=== TASK DIRECTIONS ===
Copy exactly the lines of the material below that fall between the line with "La veste Paola" and the line with "ANNUAL REPORT BPK", both of those lines included; pictures stay out.

=== DATA SUPPLIED ===
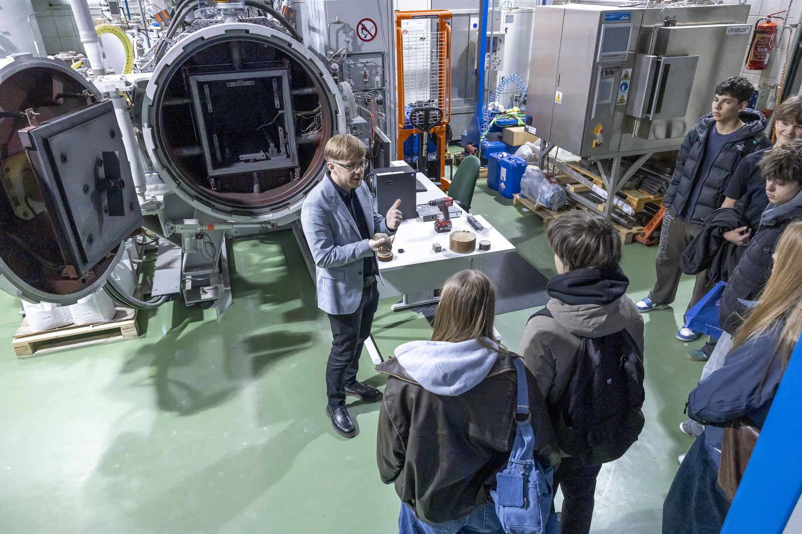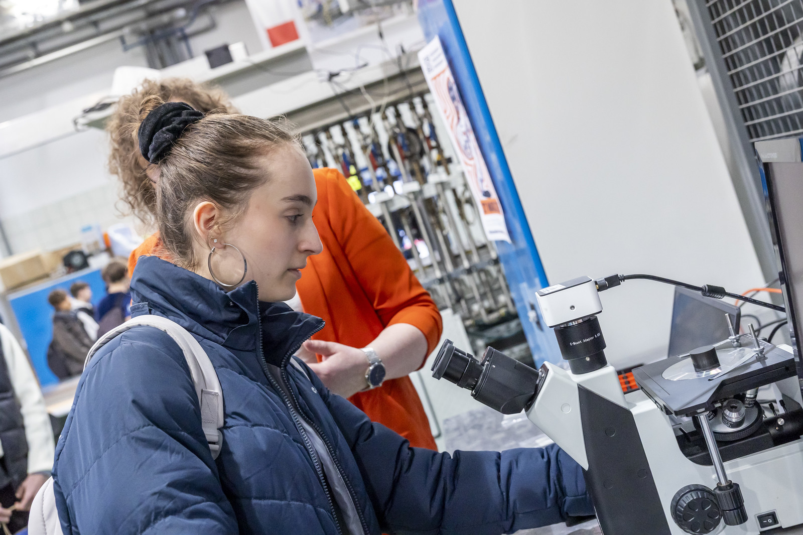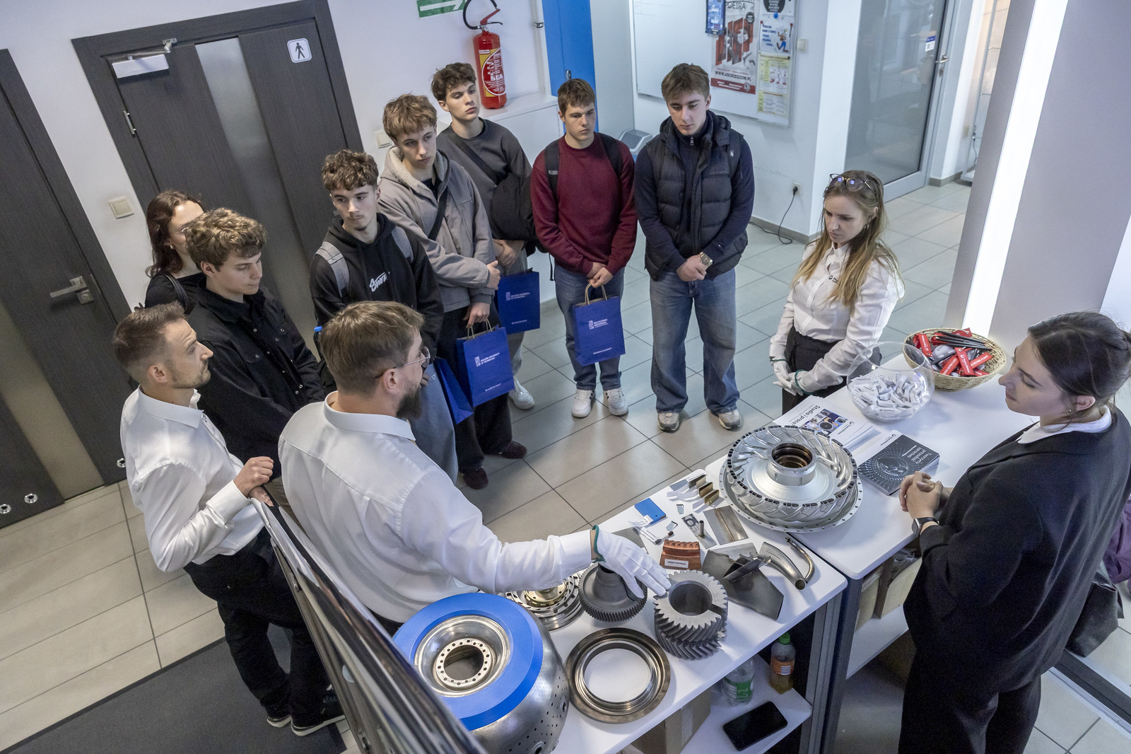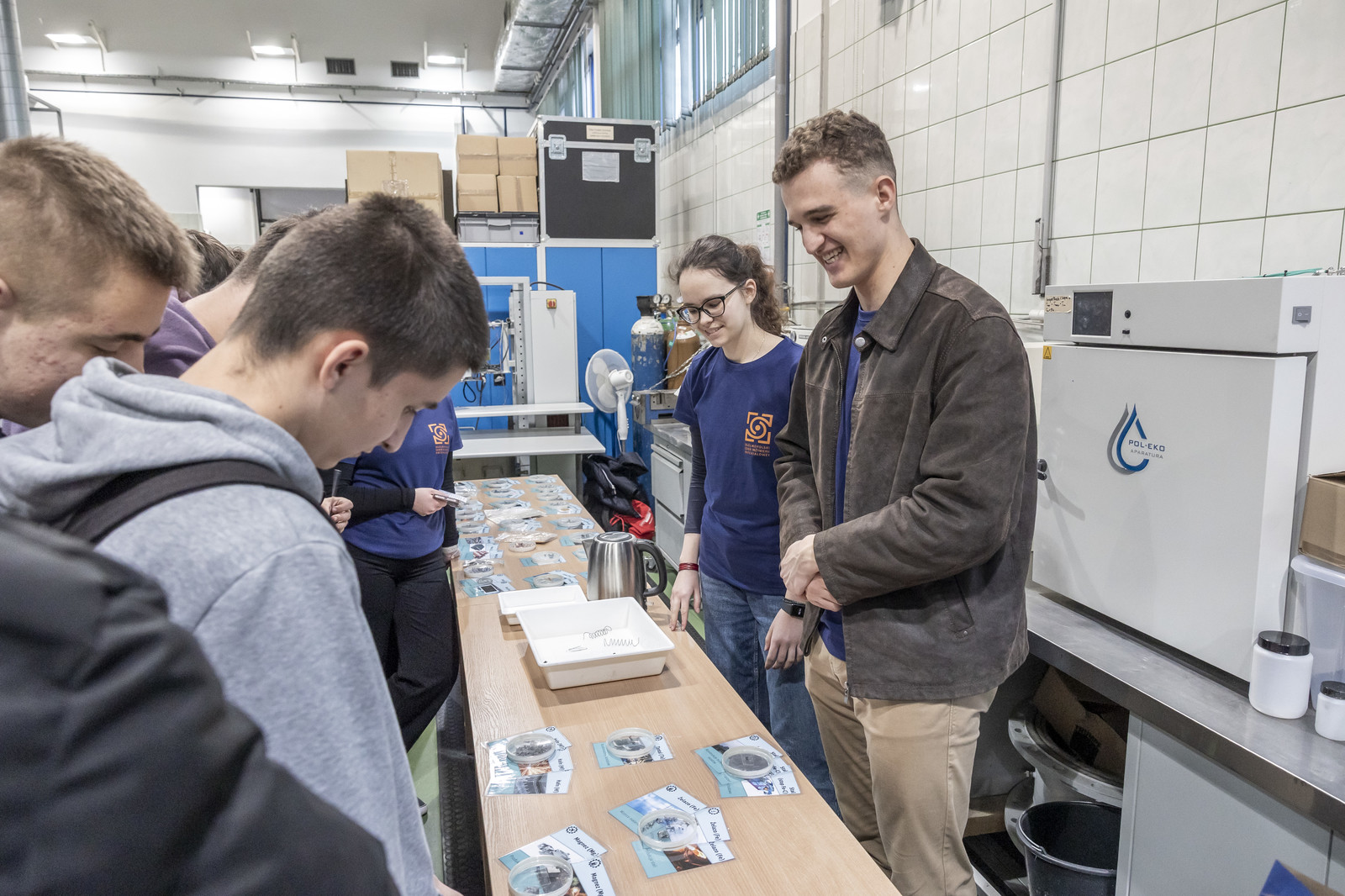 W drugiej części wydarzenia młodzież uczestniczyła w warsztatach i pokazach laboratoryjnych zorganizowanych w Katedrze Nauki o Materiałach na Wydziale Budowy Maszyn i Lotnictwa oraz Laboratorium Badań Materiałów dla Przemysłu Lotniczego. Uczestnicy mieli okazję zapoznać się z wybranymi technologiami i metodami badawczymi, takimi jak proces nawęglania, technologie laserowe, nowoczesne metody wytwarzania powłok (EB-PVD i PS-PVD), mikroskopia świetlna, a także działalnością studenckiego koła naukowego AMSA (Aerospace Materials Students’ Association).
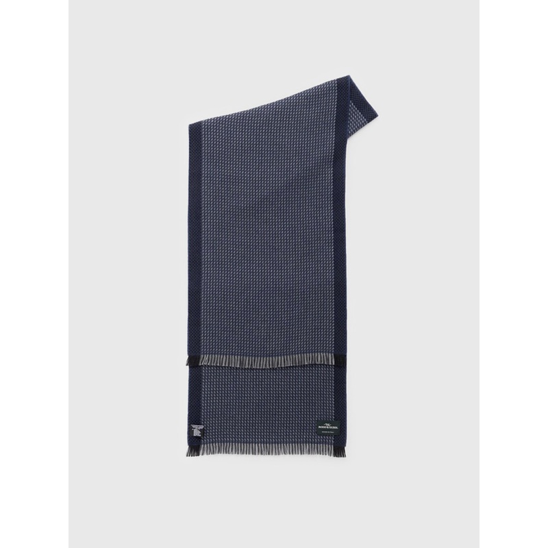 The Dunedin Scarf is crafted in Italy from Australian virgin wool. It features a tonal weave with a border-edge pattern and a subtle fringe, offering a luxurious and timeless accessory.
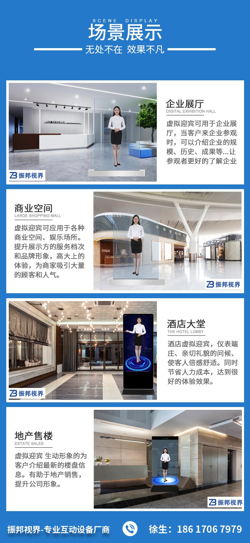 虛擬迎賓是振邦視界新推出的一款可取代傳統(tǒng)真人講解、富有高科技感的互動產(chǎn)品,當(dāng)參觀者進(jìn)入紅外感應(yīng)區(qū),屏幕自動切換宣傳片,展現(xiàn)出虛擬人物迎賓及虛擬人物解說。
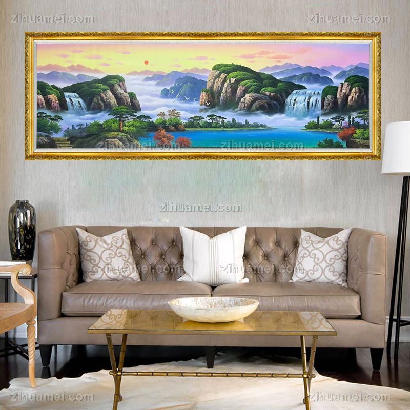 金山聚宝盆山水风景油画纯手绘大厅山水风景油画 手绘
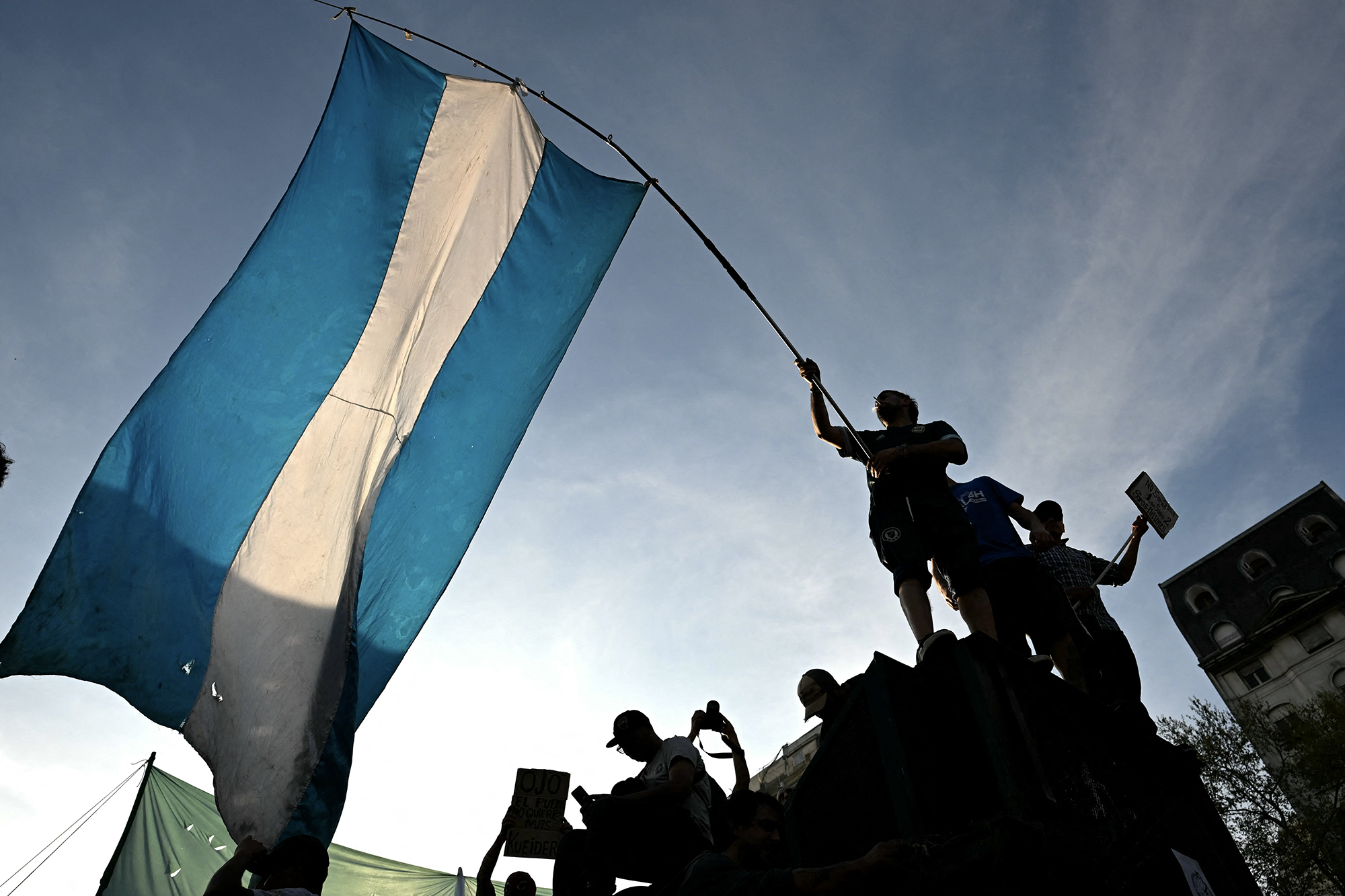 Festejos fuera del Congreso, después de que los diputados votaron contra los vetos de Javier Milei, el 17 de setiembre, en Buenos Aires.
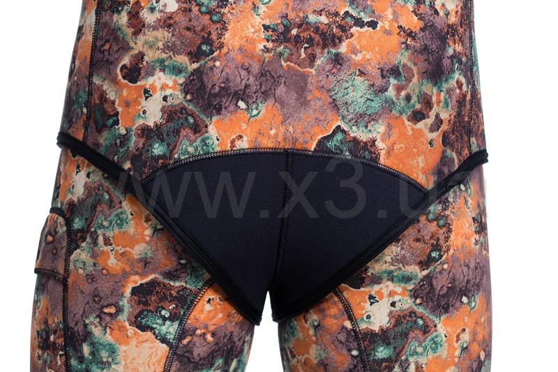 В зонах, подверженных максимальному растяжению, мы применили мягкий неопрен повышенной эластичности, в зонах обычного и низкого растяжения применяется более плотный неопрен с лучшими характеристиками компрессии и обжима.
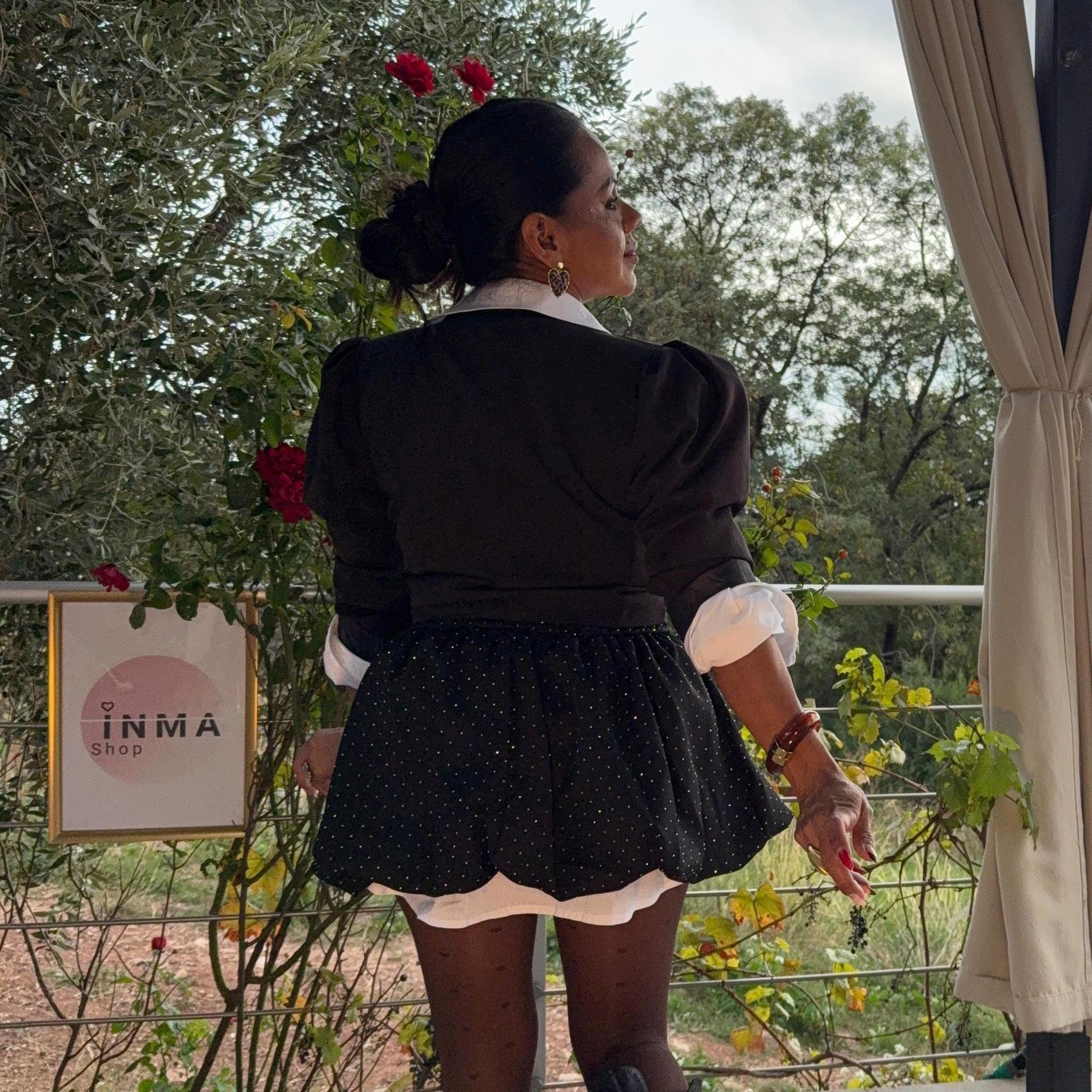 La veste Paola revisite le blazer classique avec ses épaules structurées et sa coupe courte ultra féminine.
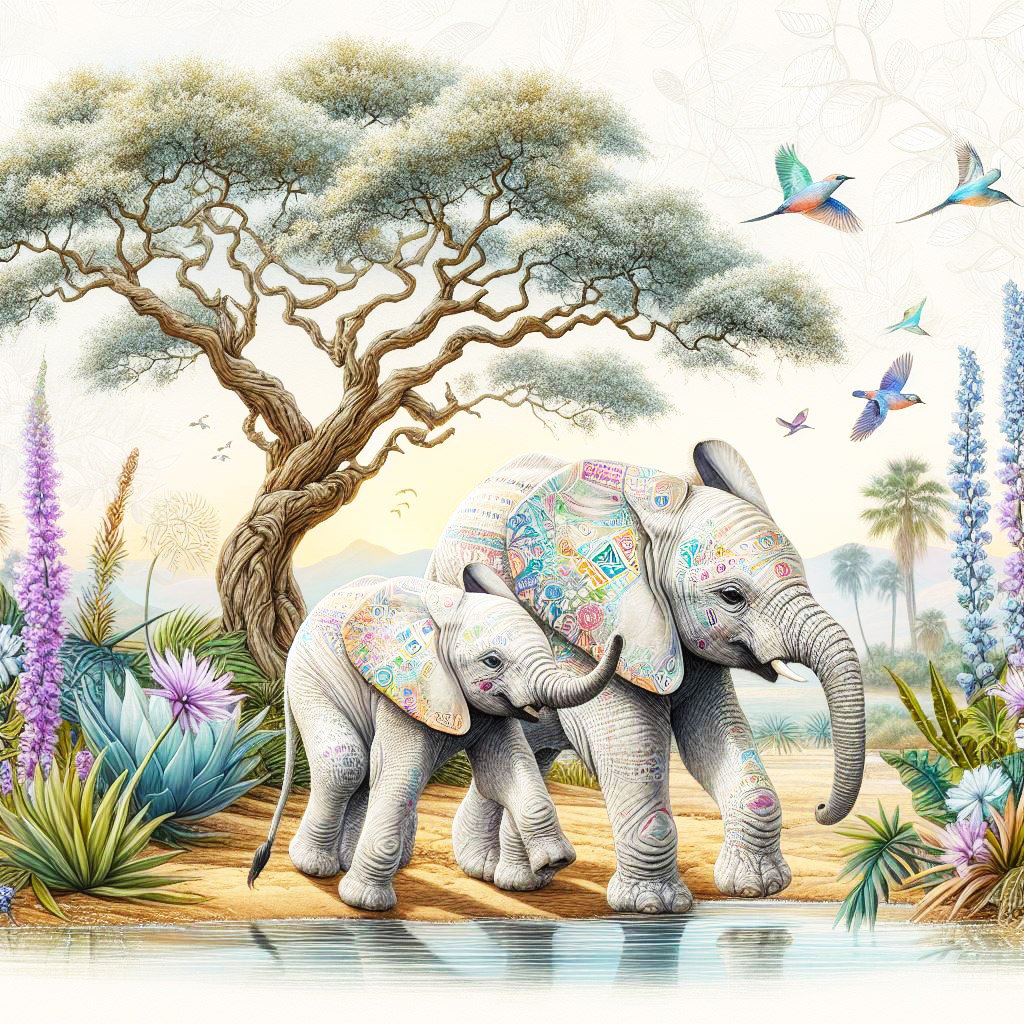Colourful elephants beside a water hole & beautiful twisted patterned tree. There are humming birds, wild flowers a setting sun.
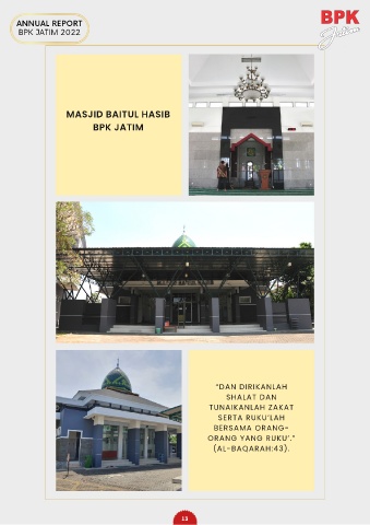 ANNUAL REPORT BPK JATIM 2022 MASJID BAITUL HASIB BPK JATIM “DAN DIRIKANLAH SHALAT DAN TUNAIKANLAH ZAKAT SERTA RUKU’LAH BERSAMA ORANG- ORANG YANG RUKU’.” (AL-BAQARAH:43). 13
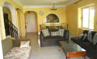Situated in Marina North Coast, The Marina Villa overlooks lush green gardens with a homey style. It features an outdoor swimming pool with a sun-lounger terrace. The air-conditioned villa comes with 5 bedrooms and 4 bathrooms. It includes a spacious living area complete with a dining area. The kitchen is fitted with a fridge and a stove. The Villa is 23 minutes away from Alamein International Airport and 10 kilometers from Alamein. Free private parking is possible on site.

=== RESPONSE TO THE TASK ===
 La veste Paola revisite le blazer classique avec ses épaules structurées et sa coupe courte ultra féminine.
Colourful elephants beside a water hole & beautiful twisted patterned tree. There are humming birds, wild flowers a setting sun.
 ANNUAL REPORT BPK JATIM 2022 MASJID BAITUL HASIB BPK JATIM “DAN DIRIKANLAH SHALAT DAN TUNAIKANLAH ZAKAT SERTA RUKU’LAH BERSAMA ORANG- ORANG YANG RUKU’.” (AL-BAQARAH:43). 13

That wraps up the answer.